▸ **Aim of the task**
Could you repeat the entries below exactly, but only from the line with "Mobile Creation Museum!" through the line with "Costs for, e.g., equipment, training, poison, baits, and", and without any picture?

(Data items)
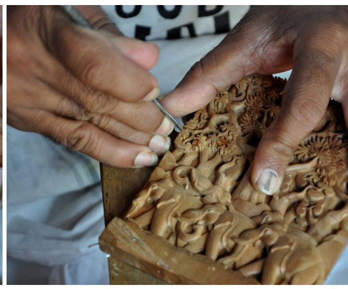
Minute carvings are done with sharp tool.
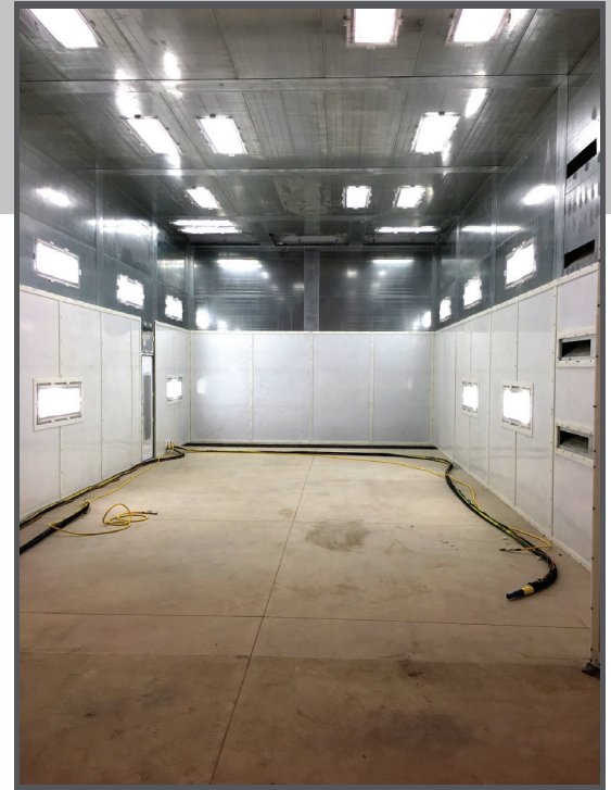
BlastOne blast room with oscillating cross conveyor and BlastWhite wall protection
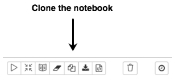
Figure 3.2. Zeppelin Clone Icon

Zeppelin displays a Clone note dialog box:
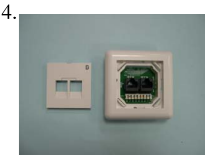
Flush mount wall plate contain housing, module & central small plate.
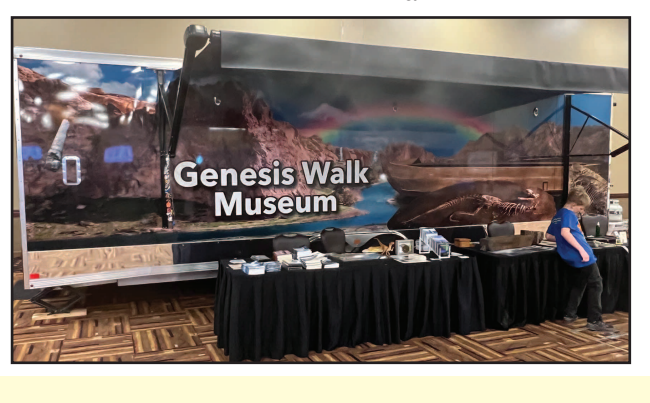
Mobile Creation Museum!

For Dads and Teens — work together under the supervision of master builders and build a REAL HOUSE! All who work on the project will be entered in a drawing to WIN the house when it's completed! Achieve something together you never thought you could!
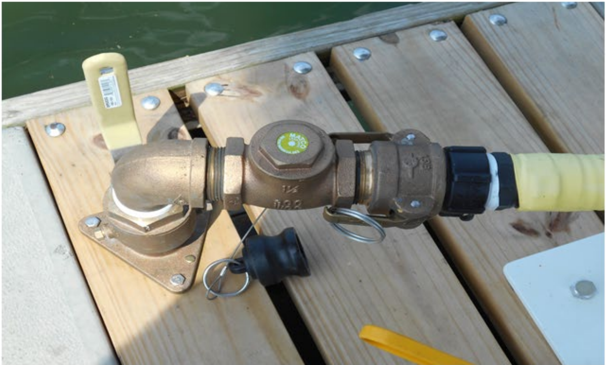
2a) Check valve on the pump out hose
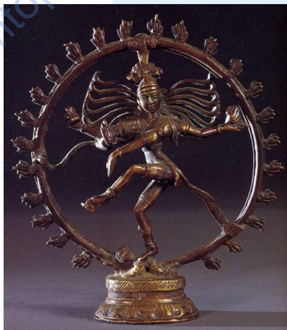
Nāṭarāja, Chola period
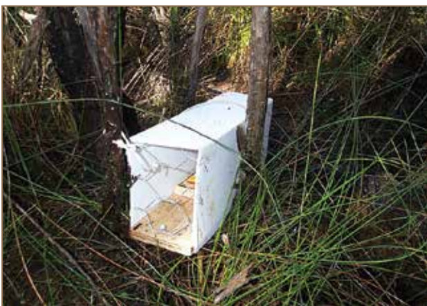
Victor professional rat trap with wire mesh to prevent accidental damage to ground foraging native birds.

Costs for, e.g., equipment, training, poison, baits, and labour) should be included along with an overall cost. This information is also needed when applying for funding to carry out pest control activities.
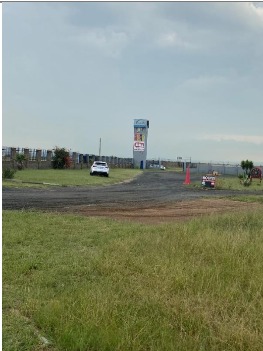
Looking east towards northern boundary from access road
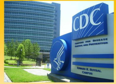
Centers for Disease Control (CDC) Atlanta, GA
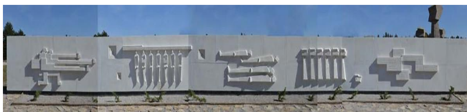
Fig. 8 The horizontal white marble bas-relief at the Bujanj Memorial Park, Niš
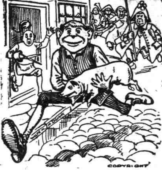
Tom, Tom, the Piper's Son,

stole a pig and away he run. Tom probably yielded to an uncontrollable desire for a taste of fine pork.
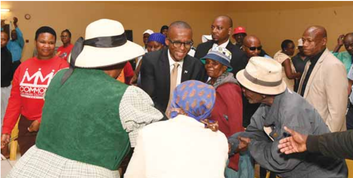
Vice President and also Bonnington South MP, Mr Ndaba Gaolathe (centre) with Morula residents in Gaborone West recently. Mr Gaolathe emphasised the urgent need to improve water delivery systems to support agricultural growth.

Reflecting on Botswana’s history of unity and resilience, Mr Gaolathe encouraged Batswana to draw strength from their shared values and collective spirit. “Together, we will shape Botswana we want, a Botswana that future generations will be proud to call home,” he said.
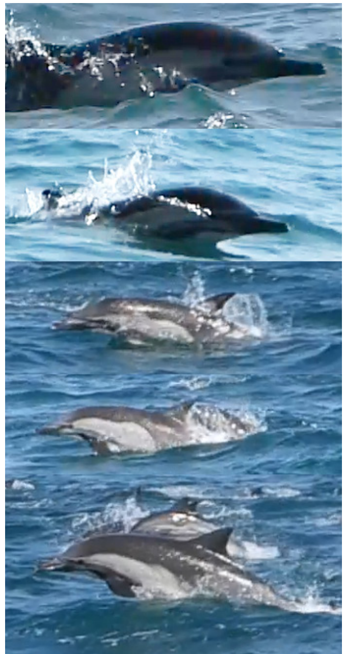
Figure 3. Frames extracted from the videos of long-beaked common dolphins ( Delphinus bairdii ) taken around Santa Clara Island, Ecuador, in November 2022.

The presence of the long-beaked common dolphin in Ecuadorian waters could be related to favorable oceanographic conditions at the time of the record (November 2022). The northernmost sighting occurred during the cold phase of the El Niño Southern Oscillation (ENSO) event, La Niña, when the sea surface temperature in the SE Pacific was 1°C cooler on average due to the increasing intensity of the SE Pacific anticyclone (ERFEN, 2022). The species' range would also be sensitive to temperature increases during
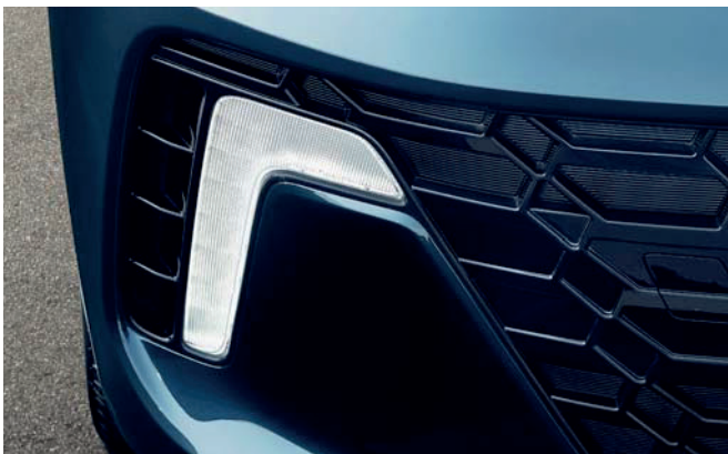
Projection headlamps LED Daytime Running Lights (DRL)
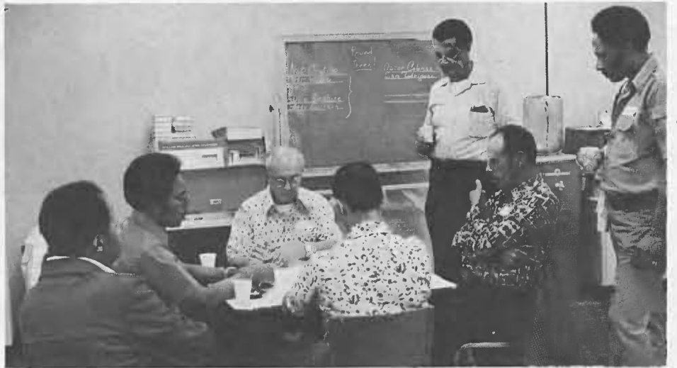
There were many tense moments during the tournament including such as the one above, where the spectators watched just as intently as the players.
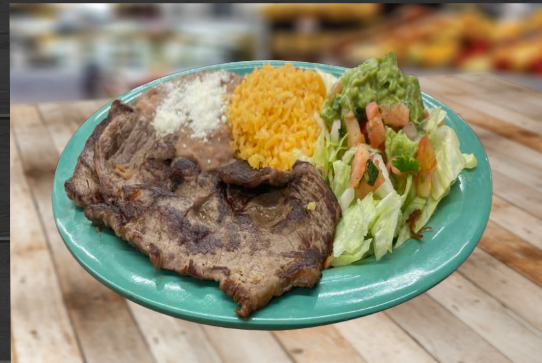
CARNE ASADA PLATE Carne Asada served with Rice, Beans, Tomatoes, Guacamole & Lettuce
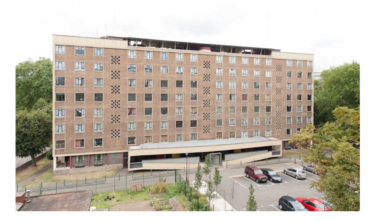
Rosebery Avenue, Spa Green Estate, London EC1 Sold
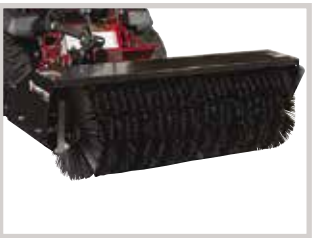
60" BROOM Clear debris and snow right down to the pavement. Bidirectional operation can be changed from the seat. (Optional cab available)
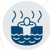
MASSAGE & STEAM ROOM
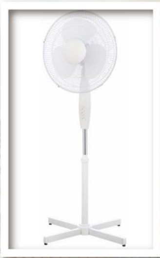
White Color 16 inch stand fan U/L
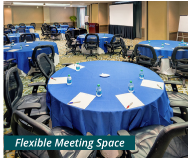
Flexible Meeting Space
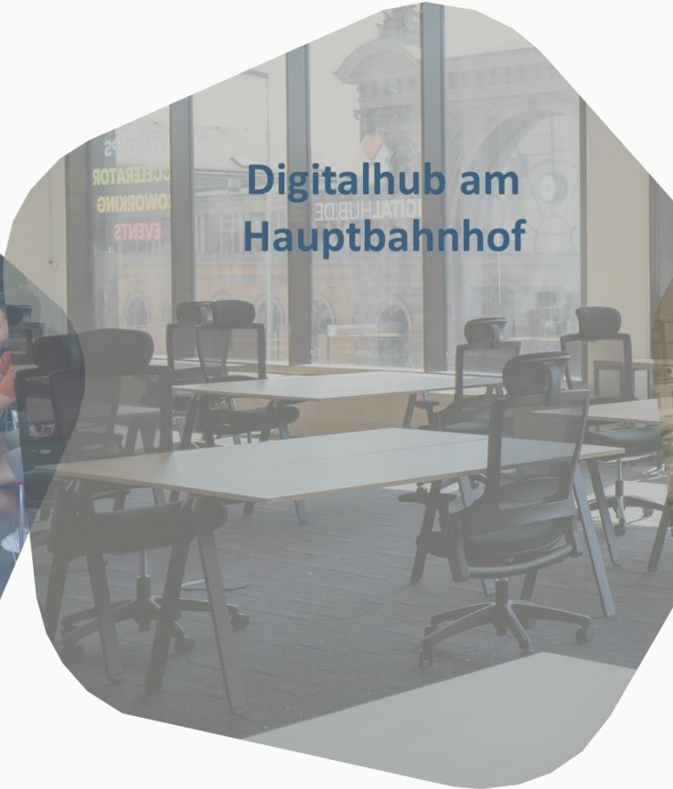
Digitalhub am Hauptbahnhof
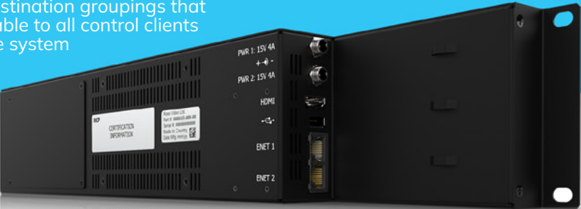
Ultricore - rear

▸ **Answer box**
Mobile Creation Museum!

For Dads and Teens — work together under the supervision of master builders and build a REAL HOUSE! All who work on the project will be entered in a drawing to WIN the house when it's completed! Achieve something together you never thought you could!
2a) Check valve on the pump out hose
Nāṭarāja, Chola period
Victor professional rat trap with wire mesh to prevent accidental damage to ground foraging native birds.

Costs for, e.g., equipment, training, poison, baits, and labour) should be included along with an overall cost. This information is also needed when applying for funding to carry out pest control activities.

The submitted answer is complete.